Collision: If two different keys happen to have the same hash value, a collision occurs.
Linked List: Instead of overwriting the existing element at the collided index, chaining uses a linked list. This linked list is attached to the bucket in the hash table array.
Storing the Colliding Element: The colliding element is then added as a new node to the linked list attached to the collided bucket.
Searching and Accessing: When searching for a specific key, the hash function is used again to generate the index. Then, the linked list at that index is traversed to find the node containing the key-value pair you’re looking for. The process compares keys until the desired one is found.
Benefits of Chaining:
Efficient for Handling Collisions: Chaining allows efficient handling of collisions, especially when the number of collisions is relatively low. Each bucket can hold multiple elements, preventing the need to re-hash and find a new location for the colliding element, which can be a costly operation.
Flexible: Chaining can dynamically adapt to varying numbers of collisions. As the data grows and more collisions occur, the linked lists attached to buckets simply grow longer.
Drawbacks of Chaining:
Space Overhead: Chaining uses additional memory to store the linked lists, which can be a slight overhead compared to other techniques like separate chaining (using a separate array for each bucket).
Potential for Longer Lookup Times: In the worst case scenario, if too many elements collide and form very long linked lists, searching for a specific key can become slower as the entire list needs to be traversed.
Overall, chaining is a common and effective collision resolution technique used in hash tables. It provides a flexible and efficient way to handle collisions while keeping lookup times relatively fast in most cases.
+--------------------+
| Hash Table Array |
+--------------------+
| [0] -> Node1(K1, V1) | --> Linked List 1
| | --> Node2(K2, V2)
+--------------------+
| [1] -> None |
+--------------------+
| [2] -> Node3(K3, V3) | --> Linked List 2
| | --> Node4(K4, V4)
+--------------------+
| [3] -> Node5(K5, V5) |
+--------------------+
| [4] -> None |
+--------------------+
| [5] -> Node6(K6, V6) | --> Linked List 3
| | --> Node7(K7, V7)
+--------------------+
| [6] -> None |
+--------------------+
| [7] -> Node8(K8, V8) |
+--------------------+
| [8] -> None |
+--------------------+
| [9] -> None |
+--------------------+
K: Key V: Value
This diagram represents a hash table with 10 buckets (index 0 to 9) and uses chaining for collision resolution. Here’s a breakdown of the elements:
Hash Table Array: This is the main array that stores the hash table entries.

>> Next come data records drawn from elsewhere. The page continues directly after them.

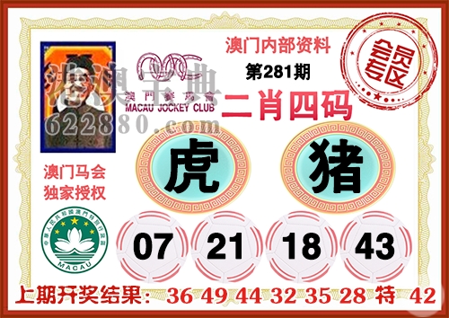 281期:绝杀三肖【牛猪猴】开?00中 |
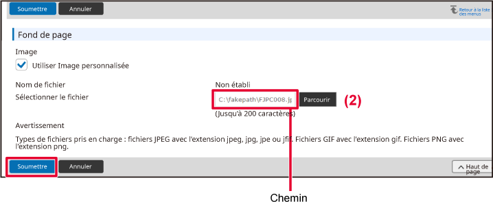Sélectionnez "Utiliser Image personnalisée", puis cliquez sur le bouton [Parcourir] pour sélectionner l'image souhaitée.
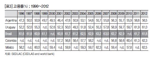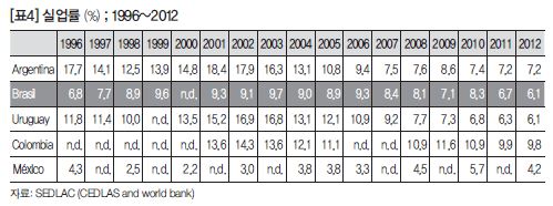 전체 노동인구 중에서 실업상태인 인구 수를 나타내는 실업률을 살펴보면 1990년도 경제위기 후반에는 계속 오릅니다. 이 증가는 2003년 9.7%로 정점을 찍습니다. 이때까지만 해도 룰라가 대통령에 당선되었지만, 이전 경제위기 영향이 계속 지속되고 있습니다. 그 이후에 계속 줄어들어서 2012년에 6.1%까지 떨어지는데 비교해보면 2012년에는 1996년보다 낮은 수준으로까지 떨어집니다.
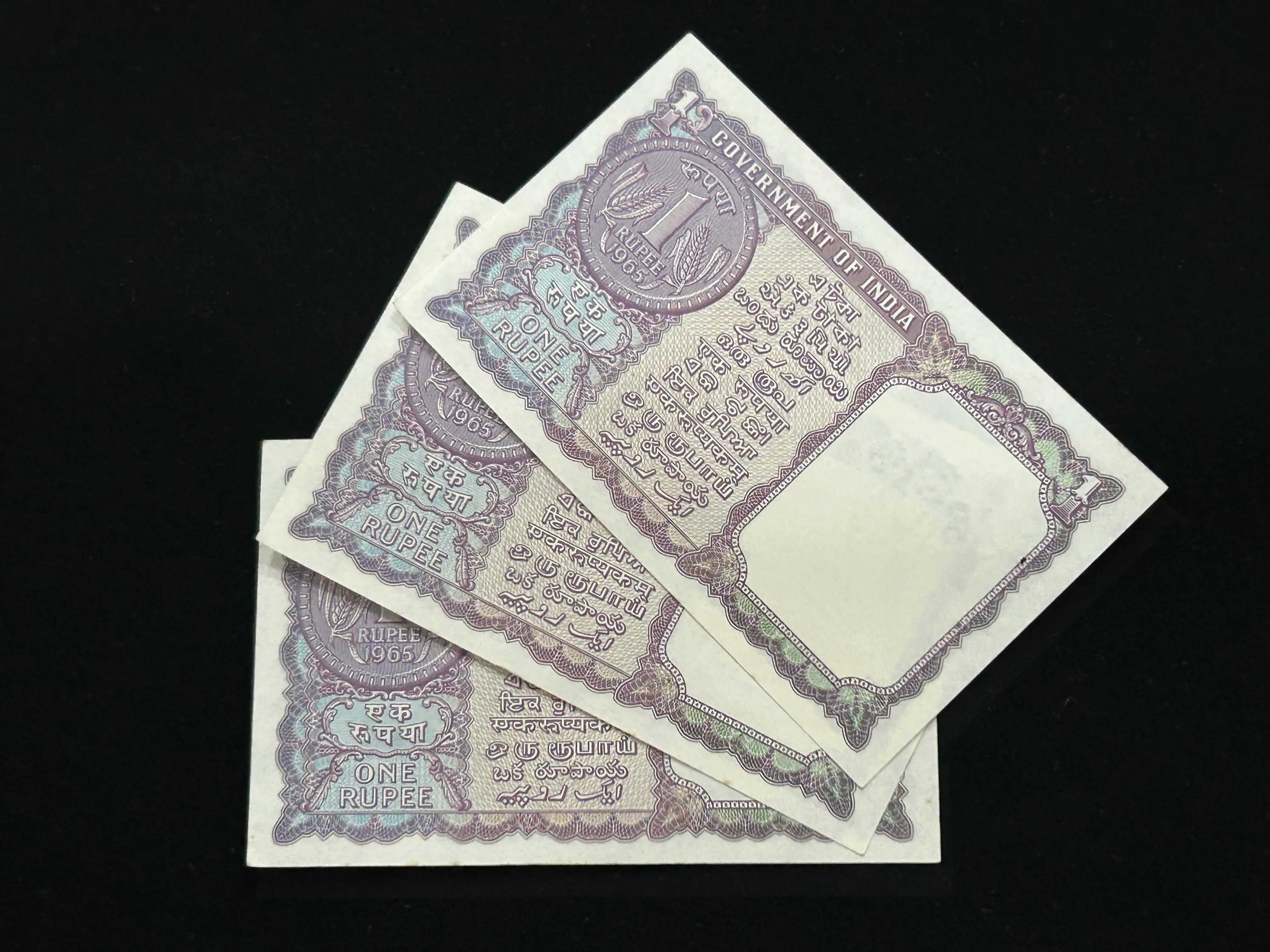 India, 1965 Rupee 1 x 3 Consecutive Serial Number Banknotes, Sign. S. Bhoothalingam, Inset B, UNC, (C63 620740)

Each element in the array, called a bucket, can potentially hold a linked list of key-value pairs.
Linked Lists: Each bucket that experiences a collision has an attached linked list. This list stores the key-value pairs that collided at that index.

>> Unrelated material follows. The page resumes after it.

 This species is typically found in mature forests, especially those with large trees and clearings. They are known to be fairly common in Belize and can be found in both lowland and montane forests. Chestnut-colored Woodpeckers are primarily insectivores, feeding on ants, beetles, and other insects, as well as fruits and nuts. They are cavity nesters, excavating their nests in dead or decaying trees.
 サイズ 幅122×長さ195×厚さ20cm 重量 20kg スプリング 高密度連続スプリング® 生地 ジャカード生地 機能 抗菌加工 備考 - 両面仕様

Nodes: Each node in the linked list represents a key-value pair (K1, V1) in the hash table.
Empty Buckets: Buckets without collisions have a value of
None
to indicate they are empty.
For example:
Key K1 and Key K2 collided and are stored in a linked list attached to bucket 0.
Key K3 and Key K4 collided and are stored in a linked list attached to bucket 2.
Keys K5, K6, K7, and K8 do not have collisions and are stored directly in their respective buckets (3, 5, and 7).
This is a simplified example, and in practice, hash tables may use different data structures for linked lists and have more complex logic for handling collisions and ensuring efficient retrieval of key-value pairs.